▸ **Data**:
※

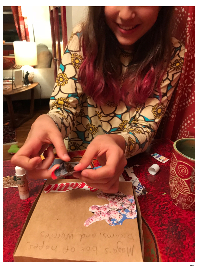
Step 4 of 9
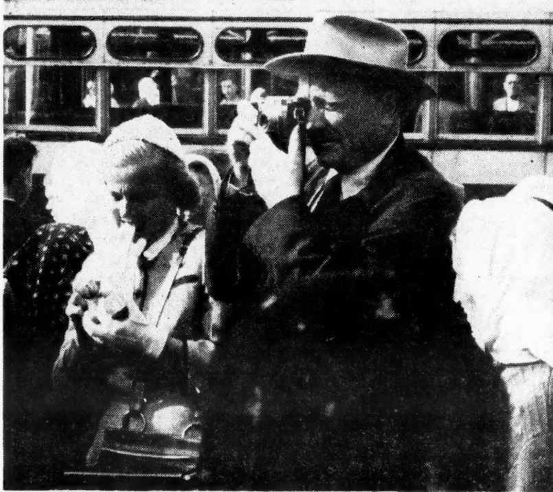
JUSTICE AND MRS. DOUGLAS SIGHT-SEEING IN MOSCOW IN '55 This photo was taken outside the St. Louis Catholic Cathedral

remnants from the geological destruction of the northernmost chain of the Tien Shan system. The road from the airport to the city—once the caravan route from Byzantium to China—runs through rich green countryside, intersected by swiftly flowing rivers coming down from the

※

▸ **Work order**: Every line above should be transcribed exactly, though no image should be carried over.

▸ **Written solution**:
Step 4 of 9
JUSTICE AND MRS. DOUGLAS SIGHT-SEEING IN MOSCOW IN '55 This photo was taken outside the St. Louis Catholic Cathedral

remnants from the geological destruction of the northernmost chain of the Tien Shan system. The road from the airport to the city—once the caravan route from Byzantium to China—runs through rich green countryside, intersected by swiftly flowing rivers coming down from the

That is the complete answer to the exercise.